Published: (Updated: ) in USA news by .

Top Republicans and Democrats plan to ignore the president’s eleventh-hour demand to repeal a legal shield for social media companies.

Congress is moving forward on a must-pass defense policy bill without repealing a legal shield for social media companies, despite a last-minute veto threat from President Donald Trump.

The final version of the National Defense Authorization Act that will soon be considered by the House and Senate won’t include Trump’s long-sought repeal of the legal immunity for online companies, known as Section 230, according to lawmakers and aides.

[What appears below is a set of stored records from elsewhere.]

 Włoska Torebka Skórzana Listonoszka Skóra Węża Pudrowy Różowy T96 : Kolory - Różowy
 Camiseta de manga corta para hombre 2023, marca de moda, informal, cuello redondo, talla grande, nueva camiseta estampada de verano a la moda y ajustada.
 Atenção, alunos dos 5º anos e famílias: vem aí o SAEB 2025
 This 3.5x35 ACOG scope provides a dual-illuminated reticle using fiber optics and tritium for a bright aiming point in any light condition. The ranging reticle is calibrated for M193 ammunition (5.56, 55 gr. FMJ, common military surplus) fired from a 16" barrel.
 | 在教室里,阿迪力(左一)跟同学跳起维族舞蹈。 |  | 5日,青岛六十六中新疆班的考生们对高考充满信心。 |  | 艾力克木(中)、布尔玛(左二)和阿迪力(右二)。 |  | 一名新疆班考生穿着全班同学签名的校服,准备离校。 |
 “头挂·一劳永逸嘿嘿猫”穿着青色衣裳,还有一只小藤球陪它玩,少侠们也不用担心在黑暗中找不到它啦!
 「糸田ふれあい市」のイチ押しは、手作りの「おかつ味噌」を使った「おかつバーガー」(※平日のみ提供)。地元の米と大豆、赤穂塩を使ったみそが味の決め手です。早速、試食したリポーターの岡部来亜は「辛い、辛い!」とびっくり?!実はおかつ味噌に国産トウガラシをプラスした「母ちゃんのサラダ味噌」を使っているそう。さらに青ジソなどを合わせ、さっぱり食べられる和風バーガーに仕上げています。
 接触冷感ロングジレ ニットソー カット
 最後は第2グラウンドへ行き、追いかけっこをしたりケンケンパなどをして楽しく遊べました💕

“At this last minute, this sudden threat on an item that’s not even part of a defense bill. … I don’t think we could do it in a thoughtful, logical way at all,” Sen. Jack Reed of Rhode Island, the top Democrat on the Senate Armed Services Committee, told POLITICO.

Key Republicans also made clear they weren’t going to bend to Trump.

Senate Armed Services Chair Jim Inhofe (R-Okla.) said that while he agrees with Trump on Section 230, the provision “has nothing to do with the military.”

“You can’t do it in this bill. That’s not a part of the bill,” Inhofe said, adding that he has conveyed that belief to Trump.

In a pair of tweets Tuesday evening, Trump threatened to veto the bill if it does not include repealing Section 230, which he has criticized as a shield for social media companies whom the president believes are biased against him.

“It seems to be more out of spite than anything else,” Reed said of the president’s threat, warning that Trump’s posture threatens several important policy moves, including a pay raise for U.S. troops.

The House is also set to move forward with a compromise defense bill that doesn’t alter Section 230, according to two House Democratic aides.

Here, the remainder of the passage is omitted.